I, like most of you, have a list of blogs I like to read regularly. Two of my favorites are sectionhiker, by a fellow hiker from the Boston area named Philip Werner (on the boards he goes by Earlylite), and Ozark Highlands of Missouri, by an ecologist named Allison Vaughn. A few months ago Earlylite posted an entry about a book he had read called Reading the Forested Landscape: A Natural History of New England. I haven't read the book but it sounds facinating. Often as I'm hiking in the Ozarks I will look around at the forest and wonder "what happened here? why does it look different than it did a few miles back?" By reading Allison's blog I'm learning more about the ecology of the Ozarks and I'm learning to understand what I see better.
Here's a sight that I often see along the trail. A fallen forest giant that has had it's very roots ripped out of the ground.
This was a pretty common sight on my Middle Fork section hike. In fact in that post I showed a picture of my camp that just showed my bivy and tarp. But zooming back a bit you see that I was camped right next to one of these fallen giants.
In fact I was in between two of them. Here was the view looking out from my camp.
Natalie and I saw lots of fallen trees on our Buford Mountain hike also. At first I didn't know what to make of it. But after reading Allison's blog recently it hit me.

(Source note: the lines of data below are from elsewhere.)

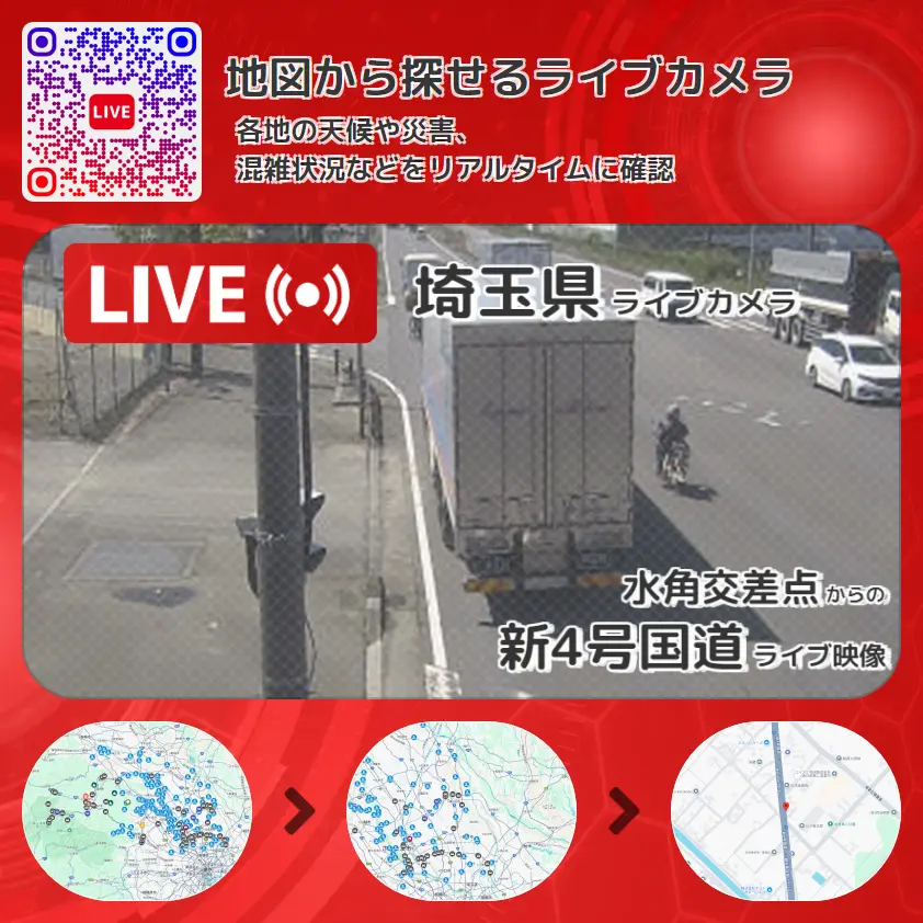新4号国道(越谷春日部バイパス)の他に、中川方面や周辺の気象状況も併せてチェックすることが可能で、台風・大雨・地震などの災害による被害状況も把握することができます。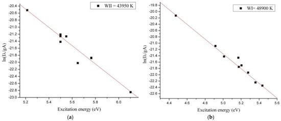 Boltzmann Plot for (a) WI in the air at normal pressure and (b) for WII in air at normal pressure.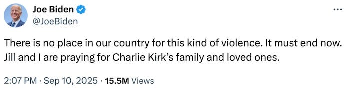 Joe Biden, September 10, 2025: “There is no place in our country for this kind of violence. It must end now. Jill and I are praying for Charlie Kirk’s family and loved ones.”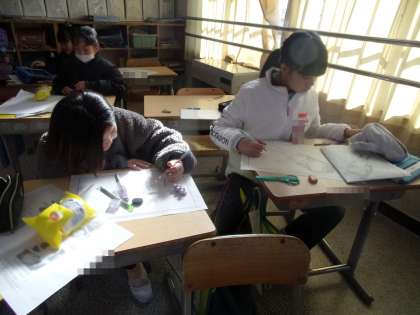 版画の下絵を描いていました。21日(火)の授業です。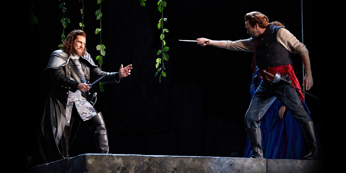 A messenger brings Manrico news that his beloved Leonora, believing him dead, is going to enter a convent. Despite Azucena’s pleading that he stay, he rushes off to find Leonora.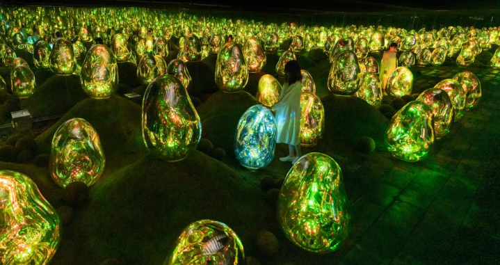 도쿄 팀랩 플래닛(teamLab Planets)은 관객이 오감으로 느낄 수 있는 "Body Immersive" 컨셉을 기반으로 5개의 거대한 작품 공간을 중심으로 총 8개의 작품들로 구성됩니다. 관람객은 신발을 벗고 입장하여 바닥의 질감과 물 위를 걸으며 발바닥으로 느끼고 온몸을 사용하여 작품을 감상해봅니다. 전시관 내 작품들은 관람객의 상호 작용에 따라 다르게 변화하며 이를 통해 신체와 작품 사이의 모호한 경계선을 허물고 자신과 세계와의 경계에 대해 다시 생각해보는 환상적인 체험을 경험해봅니다.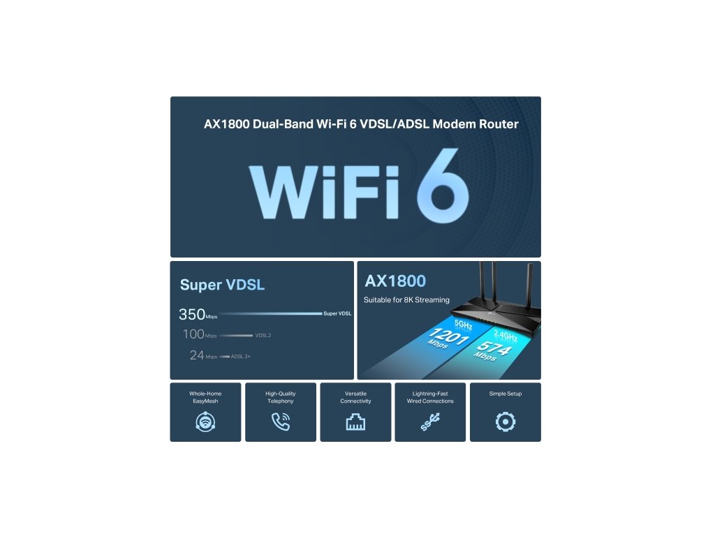 Archer VX1800v má vo výbave Super VDSL (VDSL2 Profile 35b) ? najnovšiu generáciu technológie DSL. Rýchlosť sťahovania dát sa vďaka tomu zvýšila až na 350 Mbit/s, čo je 3,5× viac ako u predchádzajúcej technológie VDSL2. Kompatibilita s poprednými poskytovateľmi internetových služieb znamená prakticky neobmedzené možnosti pripojenia na báze protokolu IP pre každú domácnosť. Integrovaný port DSL podporuje aj všetky štandardné pripojenia typu DSL.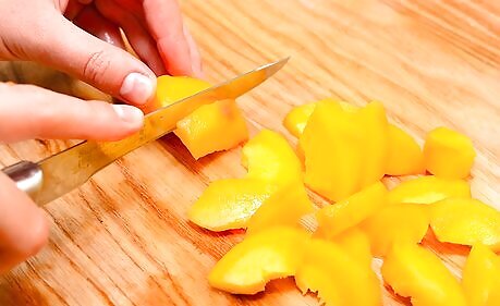 Process the peaches according to your recipe. Now they're ready to be sliced, diced, or pureed. The peeled peaches will be easy to pit, too. Here are a few delicious ways you can use up your peeled peaches: Peach cobbler. This classic summer dessert is wonderful hot out of the oven with a scoop of vanilla ice cream. Peach pie. If you're up for a challenge, this homemade dessert is sure to be a hit with your family and friends. Peach jam. Make jars of peach jam so you can enjoy the taste of summer during the months when peaches aren't in season. Peach chutney. This delicious condiment goes well with fish and pork. Peach salsa. Try something a little different next time you have a bag of tortilla chips to use up. Peach smoothie. This healthy drink is perfect for breakfast or a light dessert.

Here in Missouri (and all over the Midwest really) we occasionally have winter ice storms. An ice storm is where rain falls and freezes immediately on the first object it touches. The ice build up on limbs can be pretty heavy. In the city that means power outages. But within a few days the repairmen have come with chainsaws to remove the fallen limbs and trees and fix the lines. In the forest the trees just stay where they fall.
I think that's what has happened in these pictures. That would explain why it's the biggest trees that fell (even though they appeared to be healthy and not diseased). They tower over their neighbors and so collect the most ice. Then, if they are leaning slightly, that weight uses the long trunk of the tree as a lever and rips the roots out of the ground. That's how the forest removes the tall trees and makes room for new ones.
There's one more thing I wonder about though. Often these trees fall across the trail and then the trail maintainer comes through and cuts a chunk out of the fallen trunk so a hiker can get through. Often the trunk is hollow at the time. At least I guess this must be true because these cuts don't look very old.
I wonder what this means. Are all tree trunks hollow? Or does this indicate some weakening of the tree due to age or disease? I still have lots to learn about the forest before I really understand what I'm seeing.